For Otis, the Only Way Is Up With Russian Partners

Repairing Russia's creaky, smelly, unreliable elevators may not be high on the list of urgent problems for which the former Soviet Union needs help from the West, but it is an issue that has surely crossed the mind of every visitor to a Russian office or apartment.


Why do the floors of some elevators sink a few inches after you enter the cabin? Why can you never know which floor the elevator is at or where it will deliver you? Why do the control buttons look like they have melted in a crash landing?


In an example of a practical improvement to Russian life, a U. S. firm has teamed up with several Russian partners to free Russian elevators of such annoying problems.


Mark Proft, deputy general manager of Shcherbinka Otis Lift, one of the joint ventures, said Otis has invested $50 million in five joint ventures that are servicing 70, 000 Russian elevators. Next month, he added, Otis will launch a local elevator production line as well.


"There is a tremendous need for better elevators on the Russian market", Proft said. He explained that many Russian elevators, running on outdated technology, do not accept more than one command. Others get confused on the way up and countless more are out of service because of poor maintenance.


Proft said that Russian elevator engines often last only two years, while better maintenance could make them last anywhere from 10 to 20 years.

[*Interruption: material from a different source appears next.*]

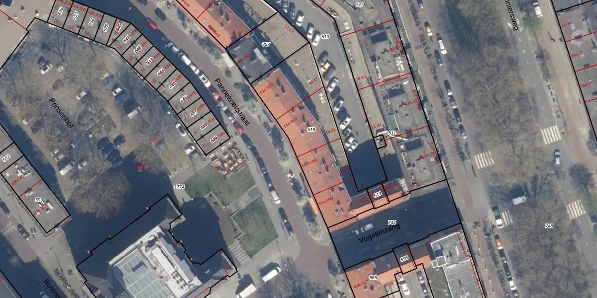 Het perceel waarop Pannekoekstraat 56-C staat heeft een oppervlakte van 1014 m². Dit is een zeer groot perceel. De perceeloppervlakte wordt geregistreerd door het Kadaster. Gedetailleerde informatie over de maten van dit perceel kunt u vinden in het rapport Kadastrale kaart met maatvoering van Pannekoekstraat 56-C.
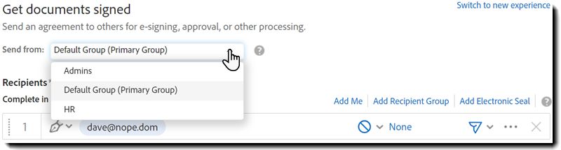 - Lägg till mottagargrupp – Klicka på den här länken när du vill skapa en grupp mottagare där en behöver delta för hela gruppen. Skapa till exempel en grupp för HR-teamet, där endast en person från HR faktiskt måste signera avtalet.

Otis, a subsidiary of United Technologies is the largest elevator producer in the world with 1991 sales of $4. 3 billion.


Two of Oti's ventures, Mos Otis and Rus Otis, were set up specifically for servicing elevators in Moscow and throughout the former Soviet Union, Proft said. They offer slightly more advanced technology that gives them an edge over other cheaper Russian elevator repairmen.


Otis can replace the sinking floor, which is actually the Russian way of triggering the mechanism that indicates a passenger has entered the lift Proft said that instead, Otis uses a microprocessor that does the job without the shock effect.


They can also upgrade the electronic brain of the elevator, to ensure that passengers can request more than one destination so that one command does not cancel out an earlier one.


They can fortify the elevators against vandalism, "a tremendous problem in Russian elevators" according to Proft. Metal buttons do not melt if you push a cigarette butt against them, while lamp covers keep people from using elevators as a supply for scarce light bulbs.


Proft said that Oti's main task is to keep the elevators running, particularly the outdated "machine" that pulls up the cabin.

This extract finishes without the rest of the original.